To benchmark each network, biological process GO term semantic similarity score (GOsim) was calculated using GOSemSim 2.12.0 using the Wang method [23, 24]. Each protein can be associated with multiple GO terms. The score of multiple term pairs between two proteins are aggregated using the BMA (best-match average strategy) method [23, 24]. With gene pair with GOsim > 0.6 labelled as “true interaction”, log likelihood score (LLS) was calculated following [12, 14, 20, 25]. Briefly the interval distribution of each network is estimated for its likelihood of interaction as

$$LLS = ln\left( {\frac{{P(L|E)/P\left( { \sim L/E} \right)}}{{P\left( L \right)/P\left( { \sim L} \right)}}} \right)$$

where L indicates the true interaction, and E (supporting evidence) corresponds to network score intervals. A high LLS score can be interpreted as having a greater chance of having highly similar GO terms.
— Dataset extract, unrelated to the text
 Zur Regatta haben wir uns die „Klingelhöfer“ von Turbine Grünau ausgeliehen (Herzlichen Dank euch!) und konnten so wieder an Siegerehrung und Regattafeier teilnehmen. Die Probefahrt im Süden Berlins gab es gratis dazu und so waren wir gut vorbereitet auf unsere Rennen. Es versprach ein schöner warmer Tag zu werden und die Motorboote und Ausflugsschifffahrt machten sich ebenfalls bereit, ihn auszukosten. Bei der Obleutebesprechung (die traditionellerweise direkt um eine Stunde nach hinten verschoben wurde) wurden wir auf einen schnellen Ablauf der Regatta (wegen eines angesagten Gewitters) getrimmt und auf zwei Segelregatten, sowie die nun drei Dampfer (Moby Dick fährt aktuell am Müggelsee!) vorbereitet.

Positive predictive ratio (PPV) was calculated to quantify the percentage of finding a “true interaction” in network as

$$PPV=\frac{\#edges \;labelld \;as \;true \;interaction}{\# \;edge \;with \;score \;higher \;than \;threshold}$$

And coverage was calculated to estimate how many genes (nodes) of interest can be detected using the network.
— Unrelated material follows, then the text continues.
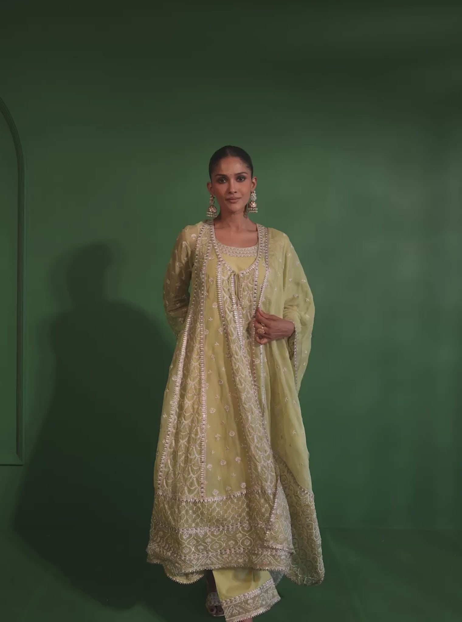 Mulmul Organza Dilruba Lime Green Anarkali Kurta With Mulmul Pima Satin Dilruba Lime Green Pant

$$coverage=\frac{\# \;nodes\; detected \;in \;network}{\# \;input \;nodes}$$

By plotting the PPV-coverage tradeoff with different network scoring thresholds, the area under curve was determined to estimate how accurate and complete the network cover interactions of the genes of interest.
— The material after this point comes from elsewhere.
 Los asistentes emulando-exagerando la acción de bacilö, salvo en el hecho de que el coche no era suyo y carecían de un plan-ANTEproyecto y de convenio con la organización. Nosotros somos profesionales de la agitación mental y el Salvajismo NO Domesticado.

Integrating distinct networks using random forest regressor

To infer GOsim for gene pairs, we trained a random forest regressor using Scikit-learn 0.22.2 [65] with network scores from EskapeNet, RefseqNet, DomainNet and StringNet. For EskapeNet, RefseqNet and DomainNet, we found that edges lower than 70th percentile consist of LLS = 0, indicating the absence of information for predicting GOsim scores and were removed from training. StringNet only contains high scoring edges and hence was not filtered at all. All missing scores were filled with − 1. To avoid overfitting, the training was conducted on 75% of the data while the rest 25% of the data was retained in the test set for evaluation purpose. The integrated network, dubbed PangenomeNet with random forest predicted score was used for downstream analysis.

Network visualization

Network visualization was conducted using Cytoscape v3.7.1. Network statistics were calculated using Python 3.6.7 and networkx 2.2 [66].

Data-driven ontology

Pairwise scores from the PangenomeNet was fed into data-driven ontology (DDOT) CliXO algorithm [48, 67], which facilitates inference, visualization and alignment of biological hierarchies. After the ontology was inferred, terms were aligned to Gene Ontology (GO) [49] and Antibiotic Resistant Ontology (ARO) [18] with false discovery rate (FDR) < 0.05. Terms were assigned to either GO or ARO terms, depending on which term shares a higher similarity in gene composition. Terms without existing ontological term alignment were curated manually by inspecting their protein annotation based on non-redundant (NR) protein database [62].